Key Concepts

Maintenance actions

Icepack supports five maintenance actions, always executed in this order:

expire_snapshots — Removes snapshots older than the retention threshold, freeing the metadata layer from tracking stale table states.
remove_orphan_files — Deletes data files on storage that are no longer referenced by any active snapshot.
rewrite_data_files — Compacts active small data files into fewer, optimally sized files. This is the most impactful action for query performance.
rewrite_position_delete_files — Merges remaining position-delete files back into their corresponding data files, eliminating the read-time overhead of applying deletes.
rewrite_manifests — Consolidates manifest files to reduce planning time for queries that scan large tables.

The ordering matters: snapshot expiration first dereferences stale files, orphan cleanup removes those physical files, compaction then rewrites only the active file set, and manifest rewriting runs last against the final file layout.

Health analysis

Icepack evaluates table health by inspecting Iceberg metadata for four key metrics:

Small file count — Number of data files below the target file size.
Snapshot count — Total snapshots retained by the table.
Manifest count — Number of manifest files in the current metadata.
Position delete files — Count of outstanding position-delete files.

Status metrics are compared against configurable health thresholds. /health returns health_status plus issue details, while /maintenance/recommendation decides whether Icepack should run actions under the configured maintenance policy. Status and health data are available in two flavors:

Live — Fetched through the configured metadata inspector. Accurate but takes a few seconds per table.
Cached — Served from Postgres. Returns in roughly 1 ms, refreshed periodically by the health-sync process.

Opt-out model

Icepack maintains tables by default. Any Iceberg table in a database that the platform team has added to the orchestrator allowlist is eligible for automated maintenance — no per-table action is required to enroll.

A table is maintained unless one of these opts it out:

Explicit opt-out. A data engineer sets the table property to false:
```
ALTER TABLE lakehouse_dev.my_database.my_table
  SET TBLPROPERTIES ('icepack.maintenance_enabled' = 'false');
```
The icepack.maintenance_enabled property is three-state: true (always maintained), false (never maintained), and unset (maintained in opt-out mode).
Hard exclude. Setting compaction_skip = 'true' removes the table from all Icepack maintenance regardless of mode — use it for tables undergoing migration or manual intervention.

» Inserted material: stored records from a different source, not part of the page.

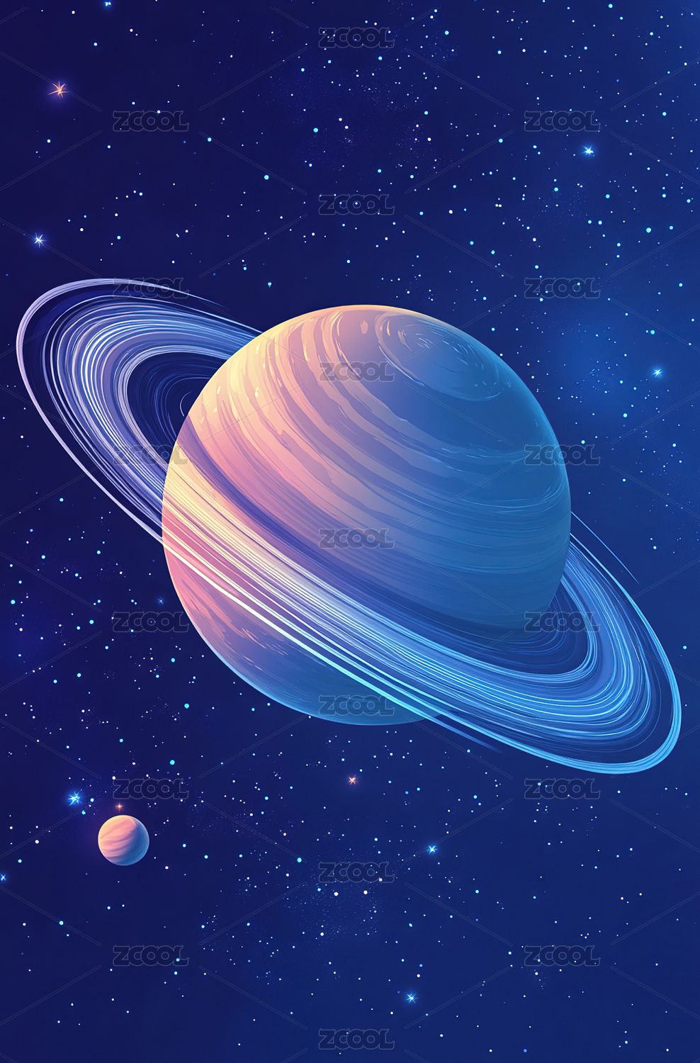 蓝色行星与环带的宇宙景象
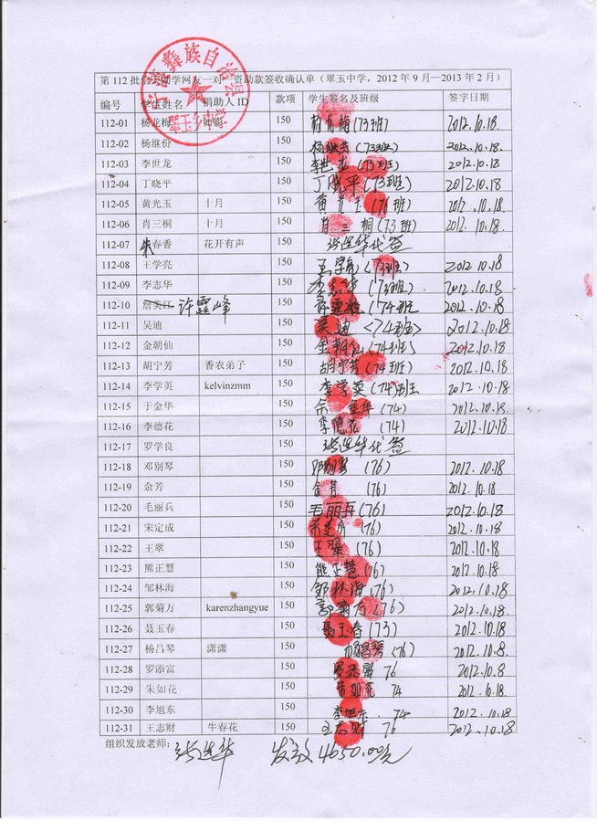» 第112批受助生名单(翠玉中学初一31名学生,完毕)
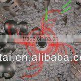 The grinding Process of the Main Mill is that the transmission device brings along the Central Shaft to drive. The upper part of the shaft connects with the Quincunx Rack, on the frame is loaded with the roller assembly, and forms a swinging pivot. The central shaft does revolve around the central rotation, at the same time it revolves around thegrinding rings, and it self also rotates on account of the grinding effect. The shovel system, in the lower part of rollers, is loaded on the lower part of the Quincunx Rack. In the process of rotating of the shovel and the roller, the material will be fed gasket layer between the rollers and ring. The outside centrifugal force (compression force) yielding in this process will process the material into small powder, thus the desired powder is obtained.
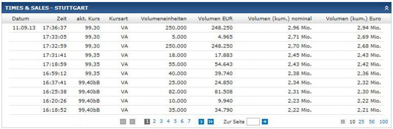 ceekay74 September 11, 2013 · bearbeitet September 11, 2013 von ceekay74 (...) , der Kurs ist so wie ich es sehe ein Taxkurs ohne Volumen- was bedeutet denn das?[/Quote] Wer hat an der Uhr gedreht? Mit dem Handel ist Schluss für heut... Wer kann denn schon verkaufen, wenn er noch gar nicht gezeichnet hat, oder ist das eine reine Schätzung eines Kursmaklers? Zeichnung ist beendet, die Anleihe weist doch einige Umsätze in STU auf und hat es auf Platz 2 der heutigen Umsatzspitzenreiter geschafft. Diesen Beitrag teilen Link zum Beitrag
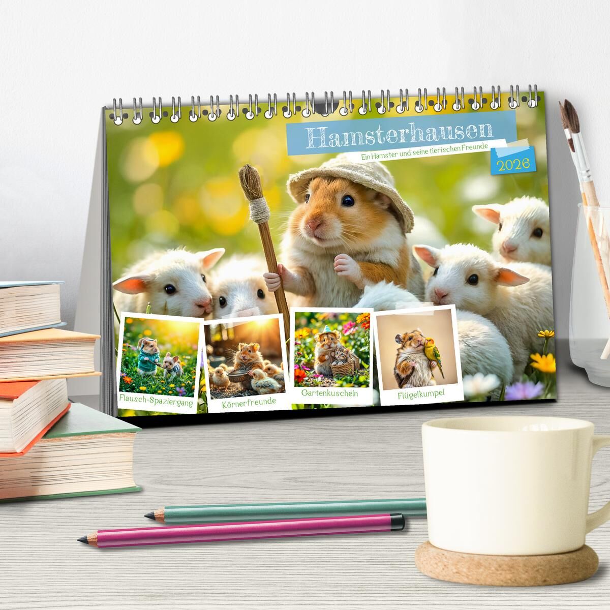 Hamsterhausen - Ein Hamster und seine tierischen Freunde (Tischkalender 2026 DIN A5 quer), CALVENDO Monatskalender
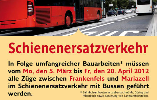 Aufgrund der Bahnhofsumbauten in Laubenbachmühle, Gösing und Mitterbach sowie der Sanierung von Langsamfahrstellen gibt es zwischen Frankenfels und Mariazell vom 5. März bis 20. April 2012 einen Schienenersatzverkehr mit Bussen.
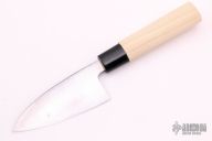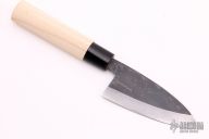 The Ajikiri 90 from Shinichi Watanabe features an iron clad white steel blade with a hidden tang construction. .137" Blade Stock. 1.49" Blade Depth. The handle features dark synthetic hilt nicely complemented by a HO wood grip. This is a fantastic piece that is razor sharp. New from Maker.
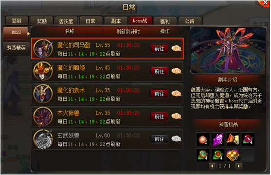 在日常系统里面可打开boss战界面查看相关信息和参与相关的争夺。Boss战的相关玩法介绍可查看相关文档。
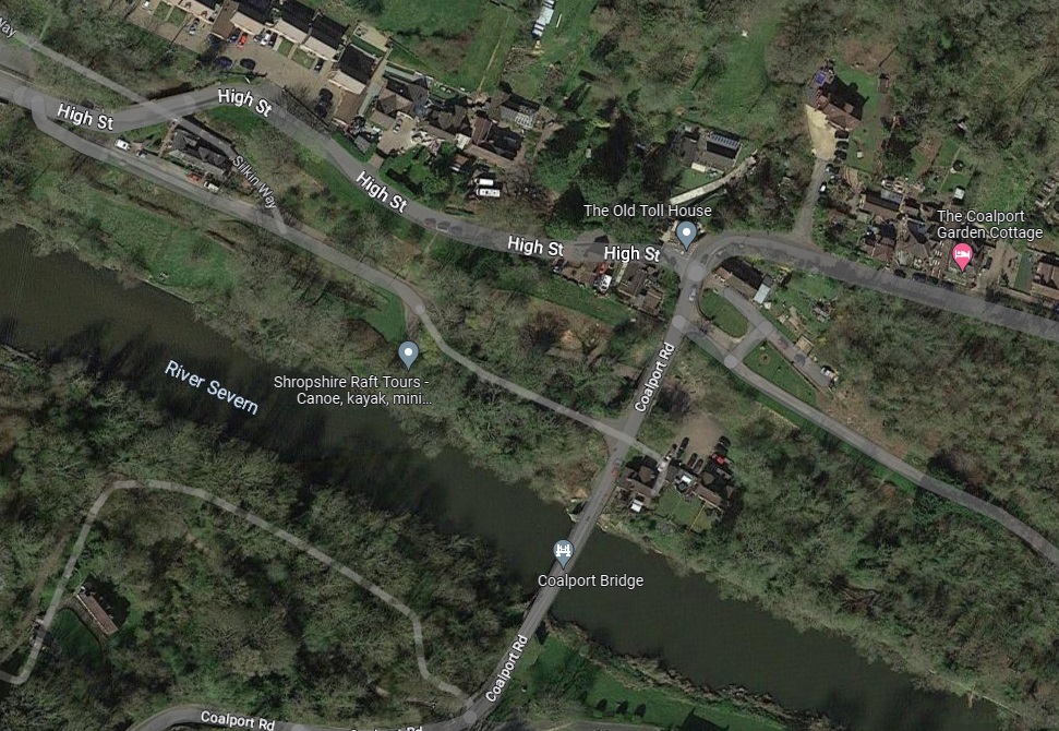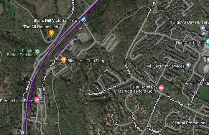 A view Northeast along Coalport Road and looking up towards the plateway bridge. [Google Streetview, June 2022]This schematic 3D map of the Blists Hill Site shows the plateway/tramway bridge bottom-centre (marked ’26’), the tunn el can be seen centre-right (marked ’56). The Silkin Way which follows the old railway curves between the two. This image looks at the site from the Northwest. [18]
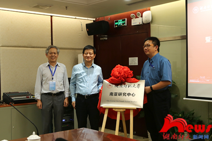 蒋洪新、叶海林及南亚研究中心主任刘曙雄共同为“南亚研究中心”揭牌。
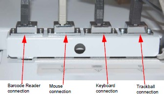 Figure 4. Global Console Front Bulkhead, showing mouse, keyboard, barcode reader and trackball connections
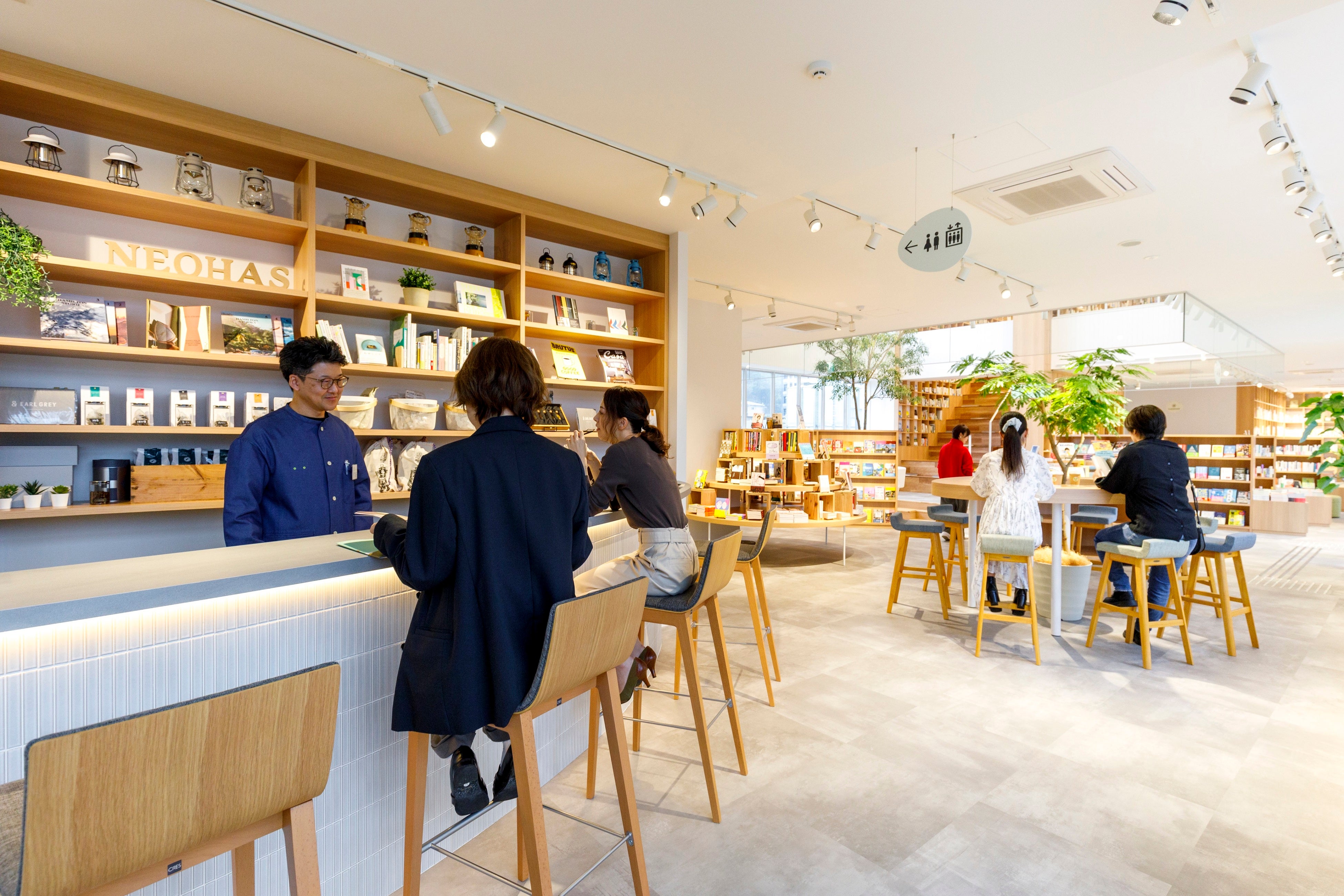「ねをはすBook&Cafe」は、170坪ほどの売り場に約2万冊の本を揃えています。1階は文学作品や実用書、児童書など、年齢や性別を問わず幅広い方々が日常的に楽しめるラインナップとしました。2階はアートや自然科学、社会・歴史などのジャンルを中心に、専門的なタイトルを織り交ぜた、興味・関心を深掘りできる空間となっています。また、2階にある洞窟のような佇まいの本棚では、季節ごとのテーマでブックディレクターが選書した本を展開し、思いがけない本との出会いを演出します。併設のカフェはテイクアウト利用も可能で、町中のコーヒースタンドのように気軽にお立ち寄りいただけます。
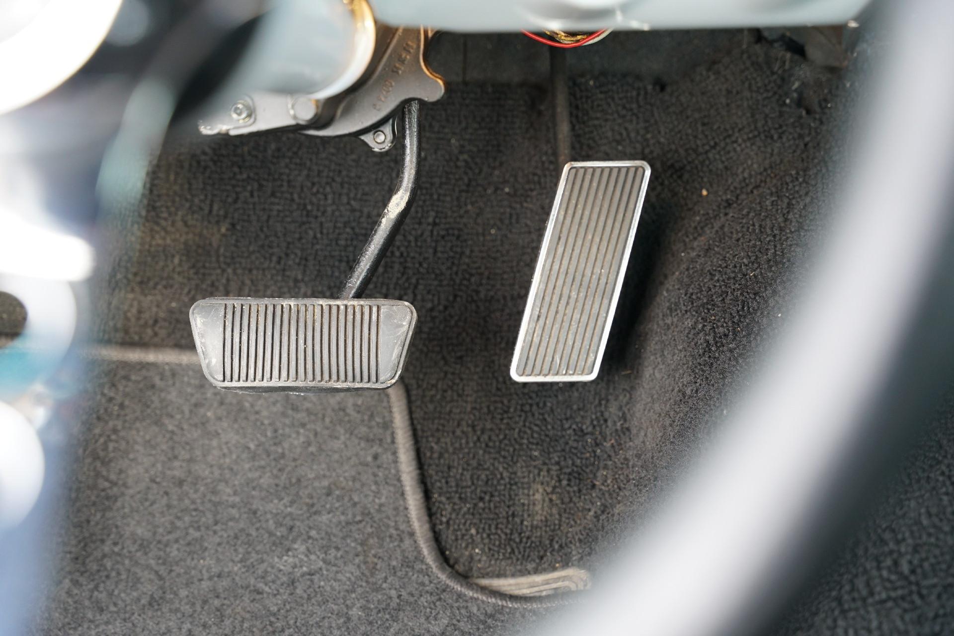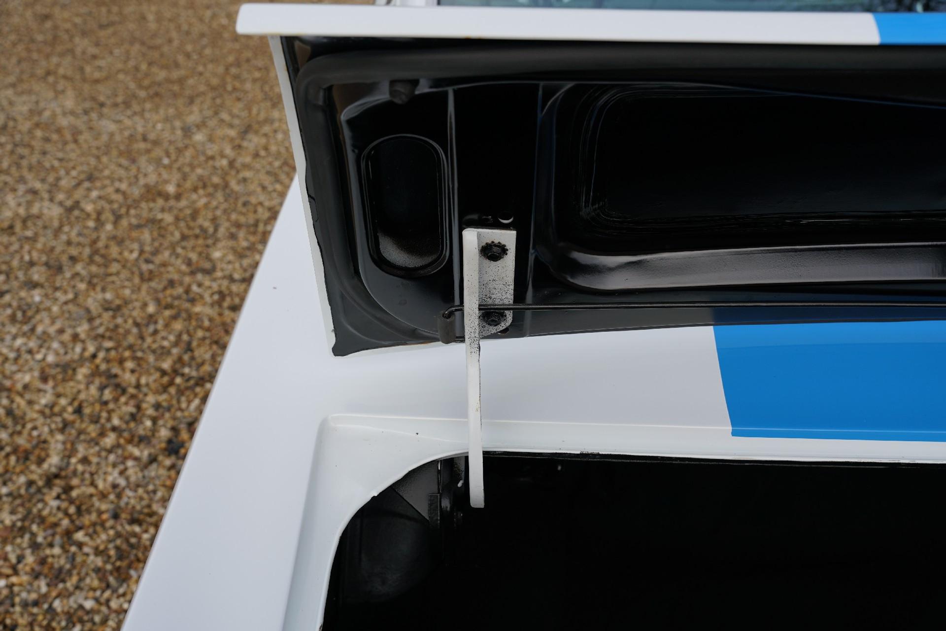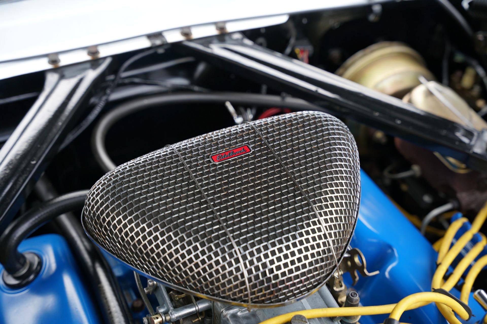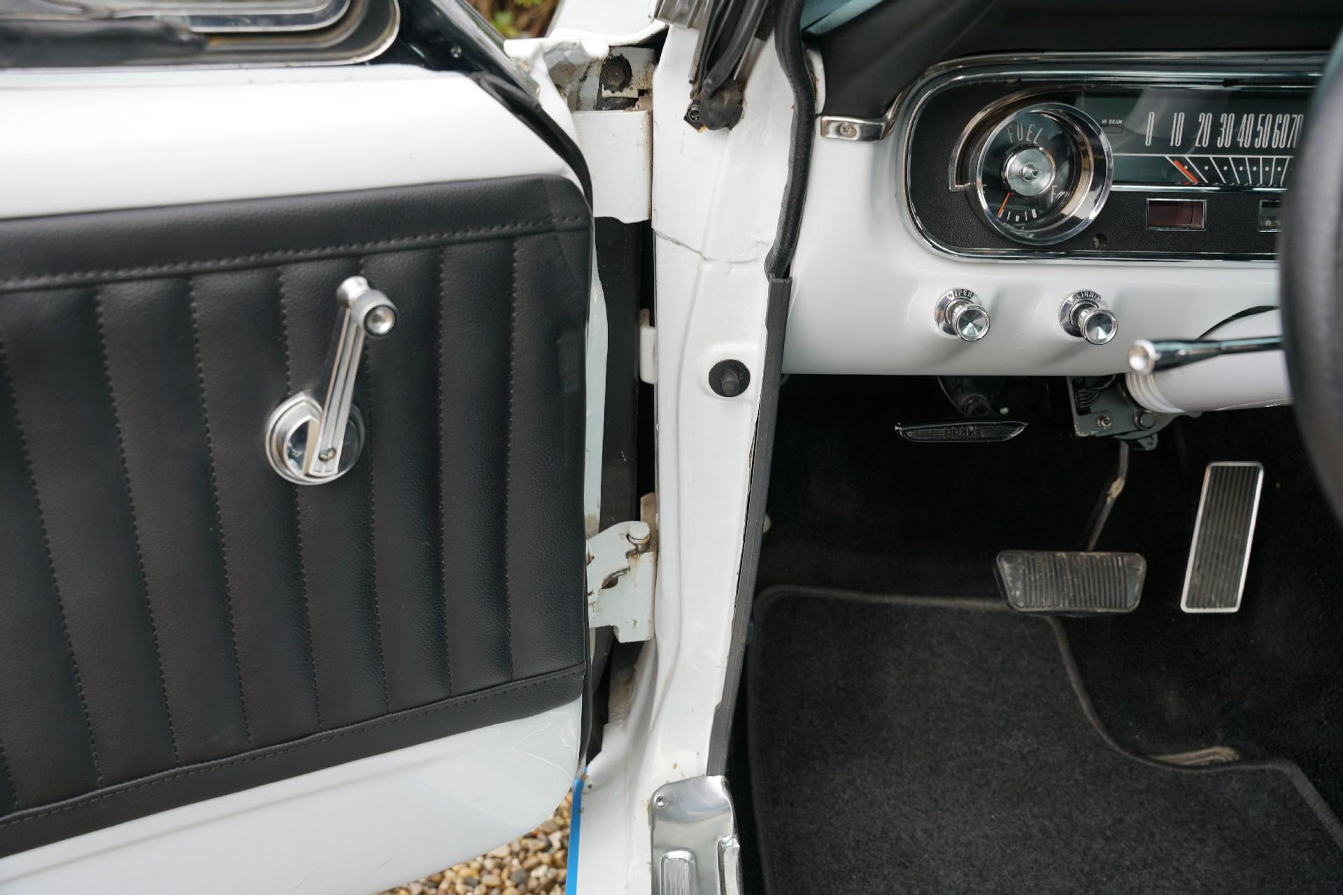 The interior has been completely reupholstered and is in new condition. The seats are upholstered in black leather. It is also striking that the seats are embroidered with the Cobra logo, a nice reference to the faster versions that were produced by Caroll Shelby. The car is of course equipped with new carpets that are also in new condition and fit perfectly everywhere. The instruments and controls all function as they should and also look beautiful. The dashboard is neatly cared for and the top has also been reupholstered. It forms a beautiful whole with a very nice appearance. The door panels have also been completely reupholstered and look beautiful.

The platform team still controls which databases are in scope via the databases allowlist in the Helm values. A table is maintained only if its database is allowlisted and it has not opted out.

Job lifecycle

All maintenance operations in Icepack are asynchronous. A job moves through these states:

Pending — The job has been accepted and queued for execution.
Running — Spark is actively executing the maintenance actions.
Completed — All requested actions finished successfully.
Failed — One or more actions encountered an error. Partial results may exist.
Cancelled — The job was cancelled before completion.

The typical flow: submit a maintenance request via POST and receive a 202 Accepted response with a job ID. Then poll GET /jobs/{id} to track progress. The orchestrator CronJob follows this same lifecycle automatically for all eligible tables.